Treatment with NUs for 72 h resulted in a significant reduction in A549 cell viability, with effects observed at low concentrations (3 μg/mL) and becoming more pronounced at 24 μg/mL, where cell viability dropped to approximately 15% (Figure 2). Additionally, NUs-treated cells displayed the formation of cytoplasmic vacuoles resembling lipid droplets. Given the findings of Kim et al. [27], which suggested that A549 cells could differentiate into adipocytes, forming adiposome-like vesicles positive for Oil Red O staining, we evaluated whether NUs treatment induced a similar adipocytic differentiation. However, Oil Red O staining yielded negative results, ruling out the lipidic nature of the observed vacuoles (Figure 2).
3.2. Pro-Oxidant Activity of NUs on A549 Cells
To deepen the mechanism by which NUs induced cell stress and, ultimately, cell death in A549 cells, we investigated its pro-oxidant effects, given that AuNPs are known to act as oxidative agents, promoting lipid peroxidation, increasing ROS levels, and causing DNA damage and cell death [28]. Using higher concentrations of NUs, up to 24 μg/mL, which induced cell death within 72 h, we measured cellular oxidative stress using the CellROX reagent. A significant increase in ROS levels was observed following administration of 12 μg/mL NUs for 24 h, with ROS levels rising dramatically at 24 μg/mL (Figure 3a). To further confirm NUs-induced ROS enhancement, we assessed the oxidative degradation of cellular lipids using the BODIPY fluorescent probe. The results demonstrated pronounced pro-oxidant activity at 12 and 24 μg/mL after 24 h of treatment (Figure 3b).
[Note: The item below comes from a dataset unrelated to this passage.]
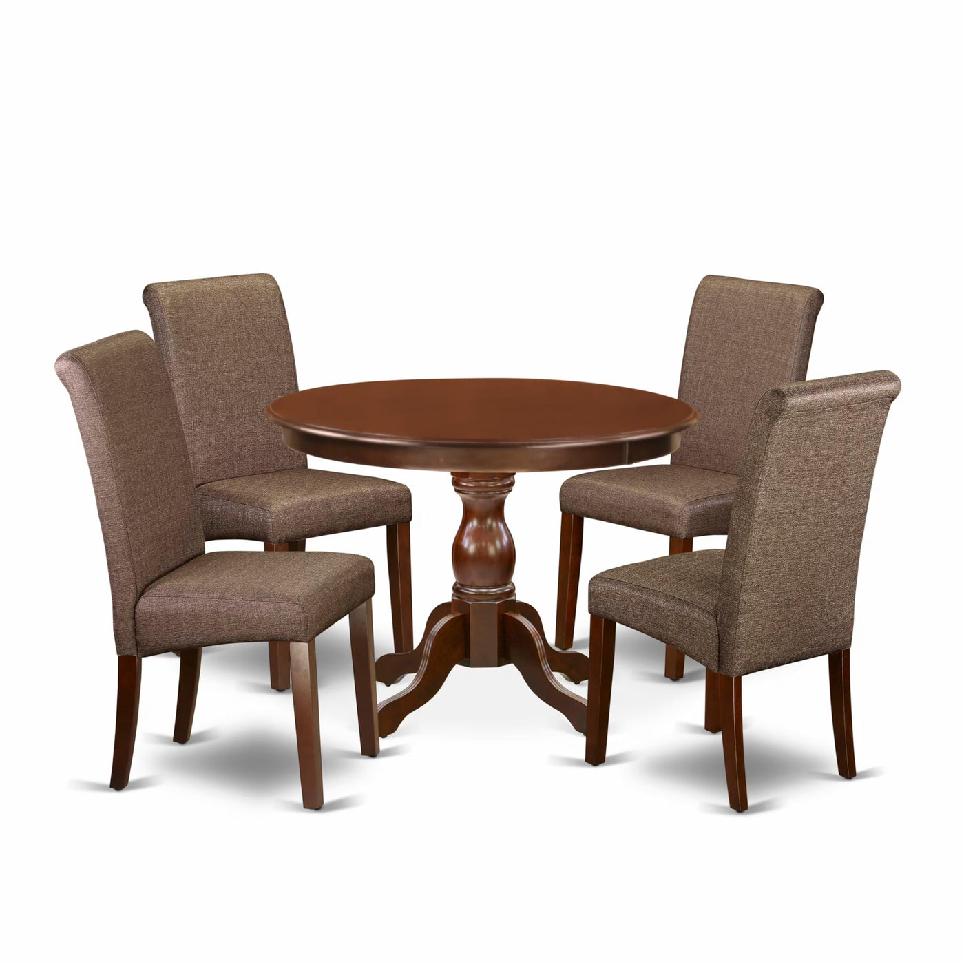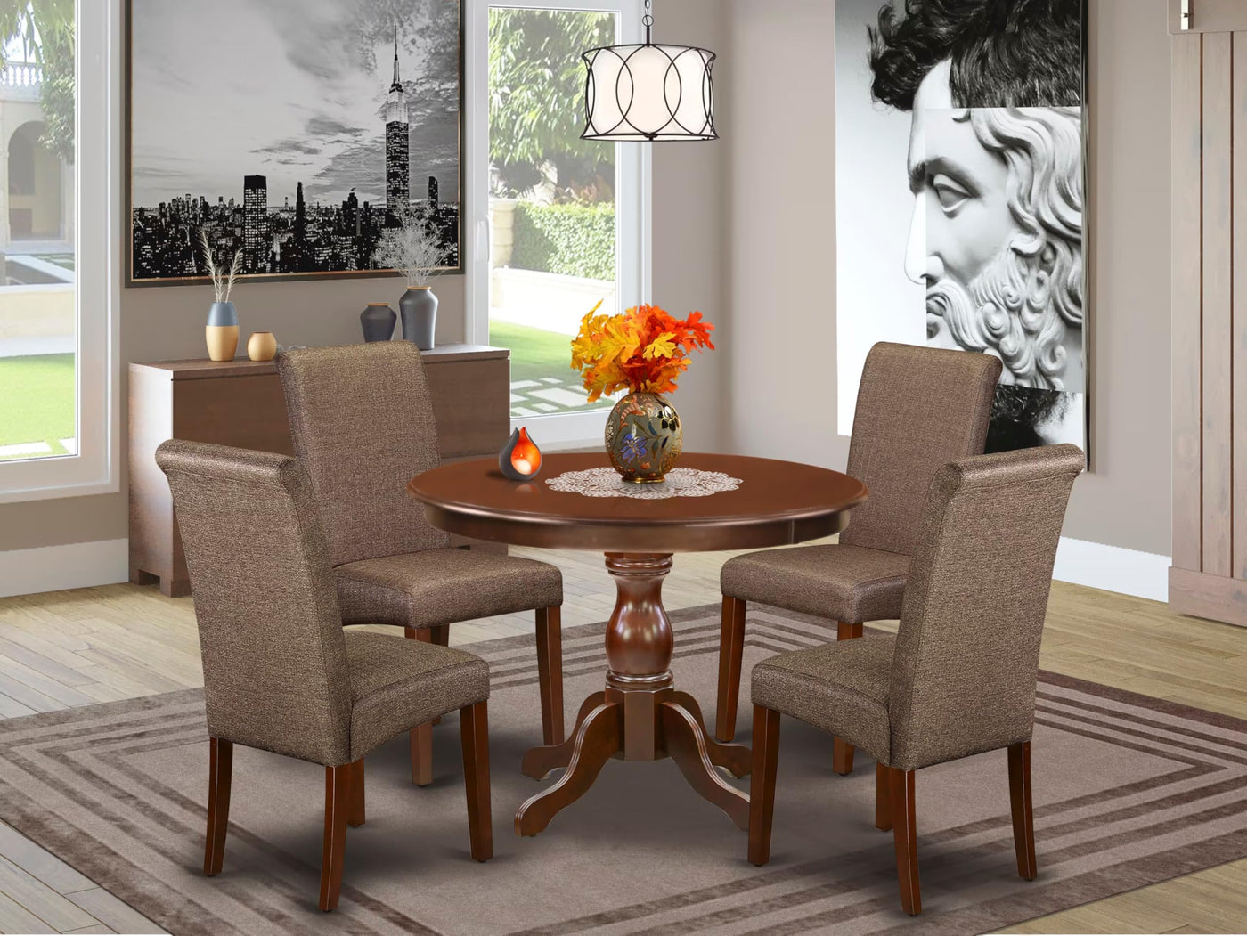 East West Furniture HBBA5-MAH-18 5 Piece Modern Dining Table Set Includes a Round Wooden Table with Pedestal and 4 Brown Linen Linen Fabric Parson Dining Chairs, 42x42 Inch, Mahogany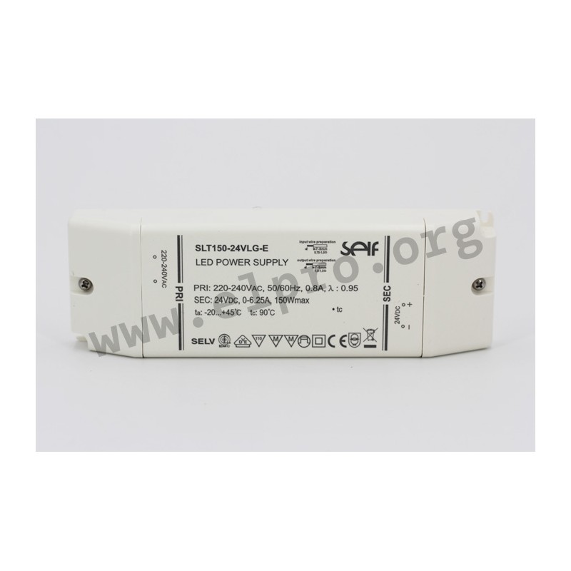 LED drivers in a plastic case (IP20) with 150W, a constant voltage and protection class II. These devices are suitable for LED lighting applications and are protected against overload, short circuit, overvoltage as well as overtemperature. They are not dimmable and comply with EN61347-1, EN61347-2-13 as well as EN55015. We offer the following types of this Self series: SLT150-24VLG-E and SLT150-48VLG-E.

Since mitochondria are central to ROS production [29], we investigated mitochondrial dysfunction using the JC-1 assay, an indicator of mitochondrial membrane potential (MMP). As shown in Figure 3c, after a brief exposure (3 h) to 24 μg/mL NUs, cells exhibited a marked shift in emission from red to green, reflecting MMP depolarization and decreased mitochondrial activity and integrity. Furthermore, considering the strong link between mitochondrial functionality and ATP production [30], we evaluated whether the early decrease in MMP observed after 3 h of NUs treatment could result in sustained mitochondrial dysfunction over longer exposure times. Using the Seahorse XF Mito Stress Test Kit, we found significant reductions in both basal respiration and ATP production after 72 h of treatment with 3 and 6 μg/mL NUs (Figure 3d). These findings suggest that NUs disrupt mitochondrial function, contributing to impaired energy metabolism and cell death.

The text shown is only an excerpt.